(Data provided begins)
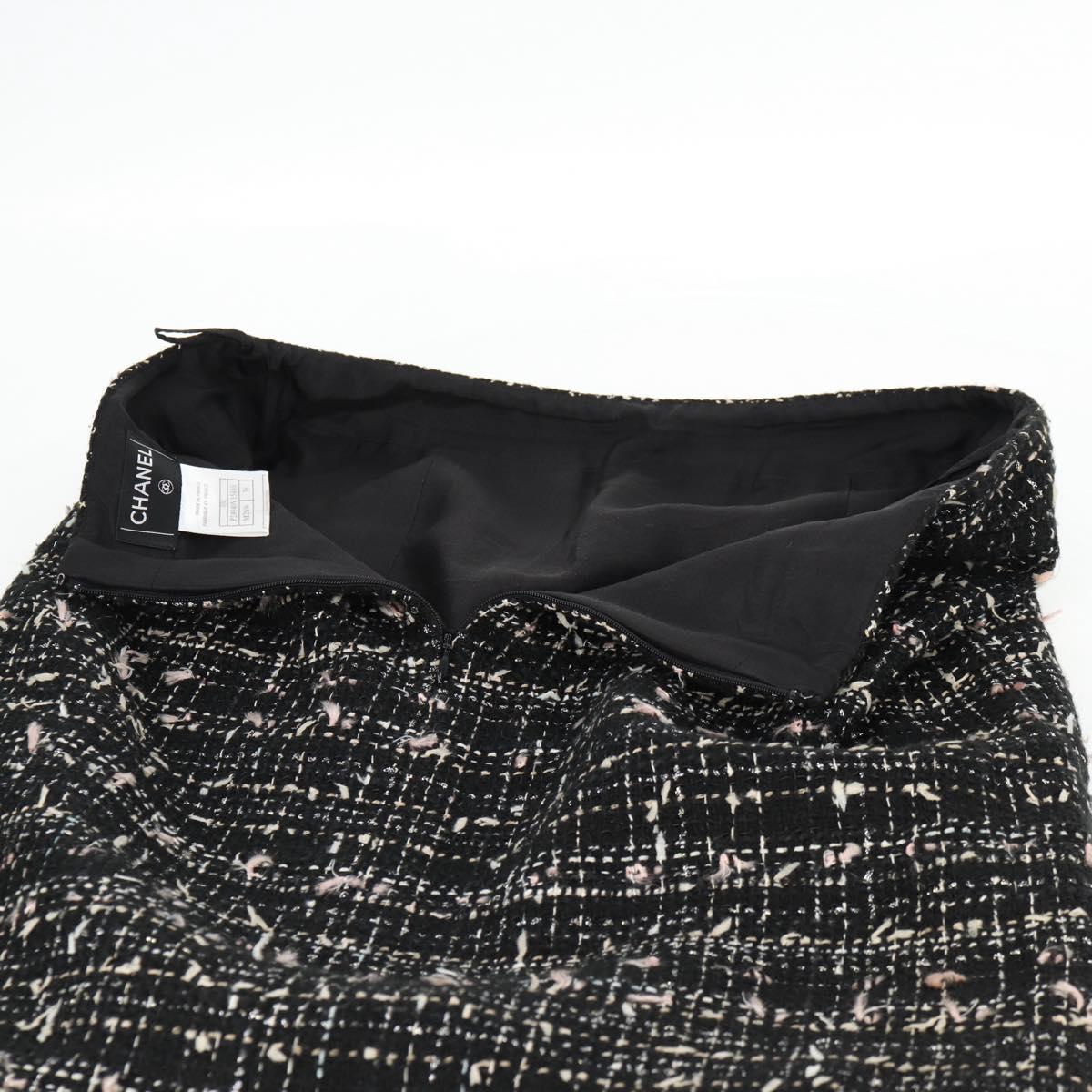 CHANEL Skirt Tweed Black CC Auth am8645V
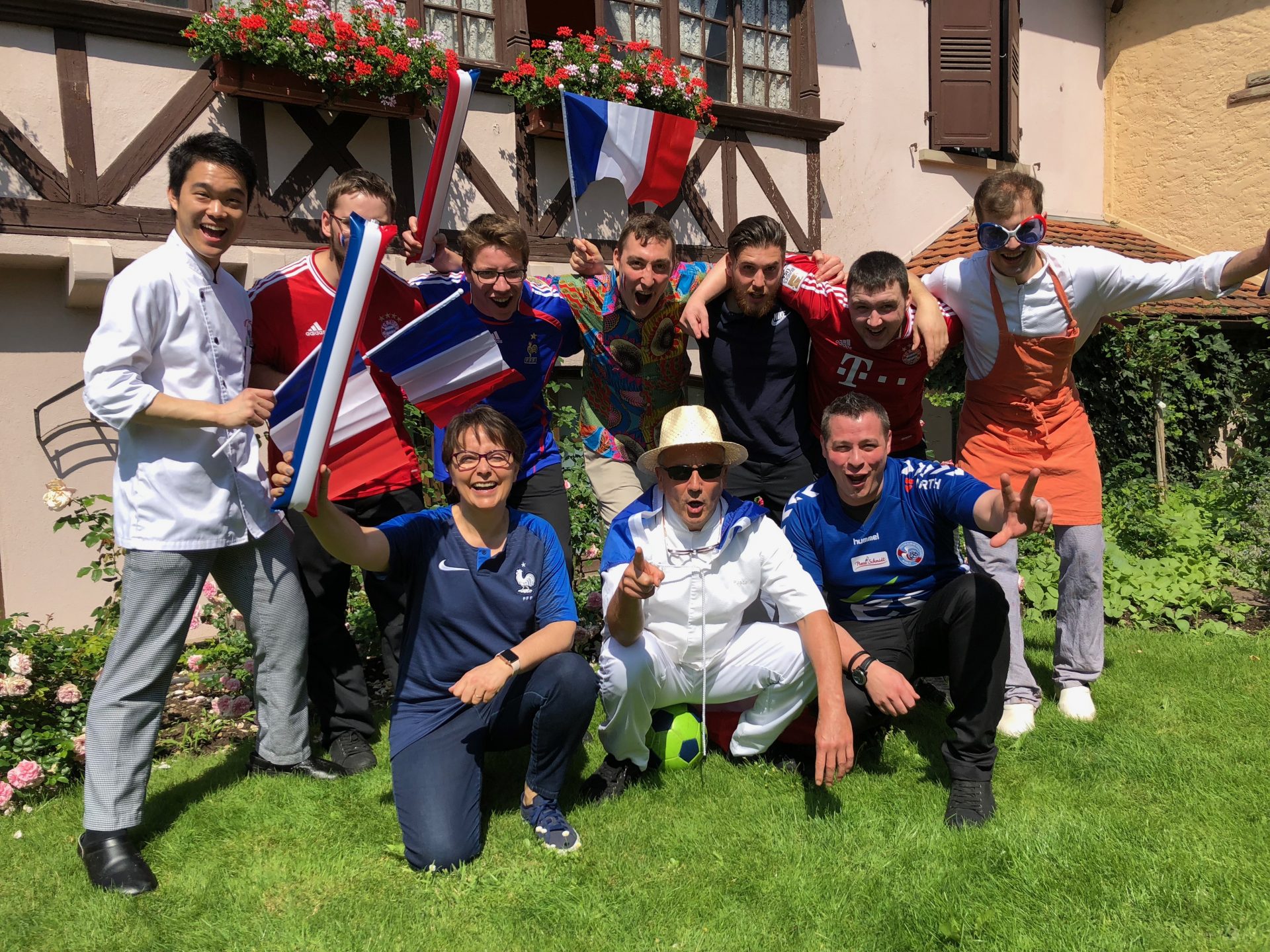 Chez les Philipps, on joue au foot de père en fils depuis des générations ! De 5 ans à 14 ans, à ses débuts en cuisine, Joël était un grand joueur. Aujourd’hui, il entraine l’équipe de cuisine entre 2 services dans les villages alentours une à deux fois par semaine. Nicolas en Pâtisserie et Jonathan se donnent à fond ! Joël est un grand fan du Bayern Munich et tire sa toque au racing qui a fait vibrer les alsaciens cette année au stade de la Meinau. « Nous avons de la chance d’avoir un grand club de foot » lance t-il !
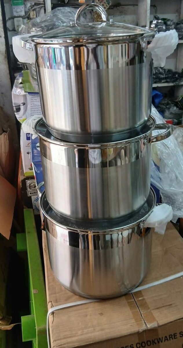 Ensemble de casseroles en acier inoxydable durable et élégant. Idéal pour toutes vos créations culinaires, compatible avec toutes les sources de chaleur. Parfait pour les cuisines modernes.
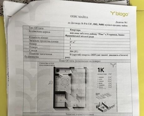 Ексклюзив Продається 1-кімнатна квартира - ЖК “Паркова алея”, Угорники Вул. Героїв Миколайова Площа 37 м² | Поверх 2 | Переуступка • Французький балкон - вхід із кімнати та кухні • Окрема гардеробна • Кухня 11 кВ • Вікна у внутрішній двір • Можна вже йти роботи ремонт
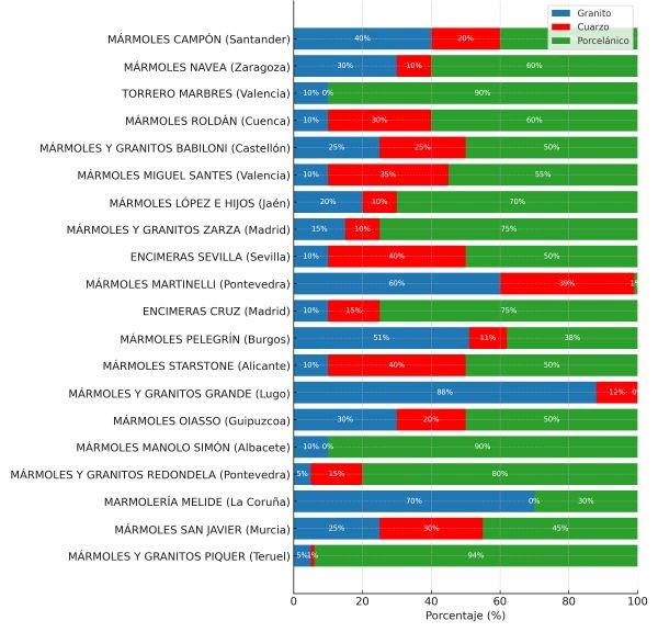 1.- ¿Qué porcentaje de GRANITO, CUARZO y PORCELÁNICO utilizan para la elaboración de encimeras de cocina?
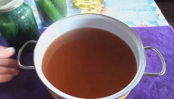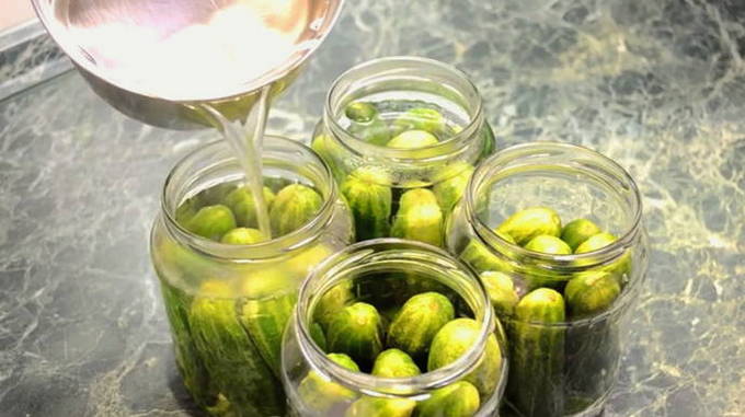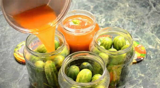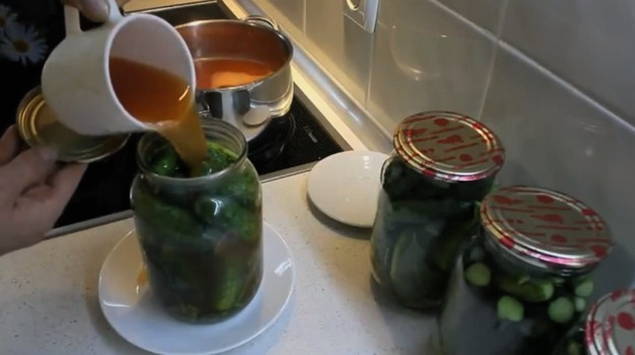 - Giet de resulterende hete oplossing in containers met komkommers en sluit af. Laat de broodjes afkoelen door ze eerst om te draaien, onder een deken in een warme kamer, en dan de komkommers opnieuw te rangschikken om ze in de kou te bewaren.
(Data provided ends)
Exercise goal: The pictures in the data should be omitted, and every remaining line set down exactly.

Exercise solution:
 CHANEL Skirt Tweed Black CC Auth am8645V
 Chez les Philipps, on joue au foot de père en fils depuis des générations ! De 5 ans à 14 ans, à ses débuts en cuisine, Joël était un grand joueur. Aujourd’hui, il entraine l’équipe de cuisine entre 2 services dans les villages alentours une à deux fois par semaine. Nicolas en Pâtisserie et Jonathan se donnent à fond ! Joël est un grand fan du Bayern Munich et tire sa toque au racing qui a fait vibrer les alsaciens cette année au stade de la Meinau. « Nous avons de la chance d’avoir un grand club de foot » lance t-il !
 Ensemble de casseroles en acier inoxydable durable et élégant. Idéal pour toutes vos créations culinaires, compatible avec toutes les sources de chaleur. Parfait pour les cuisines modernes.
 Ексклюзив Продається 1-кімнатна квартира - ЖК “Паркова алея”, Угорники Вул. Героїв Миколайова Площа 37 м² | Поверх 2 | Переуступка • Французький балкон - вхід із кімнати та кухні • Окрема гардеробна • Кухня 11 кВ • Вікна у внутрішній двір • Можна вже йти роботи ремонт
 1.- ¿Qué porcentaje de GRANITO, CUARZO y PORCELÁNICO utilizan para la elaboración de encimeras de cocina?
 - Giet de resulterende hete oplossing in containers met komkommers en sluit af. Laat de broodjes afkoelen door ze eerst om te draaien, onder een deken in een warme kamer, en dan de komkommers opnieuw te rangschikken om ze in de kou te bewaren.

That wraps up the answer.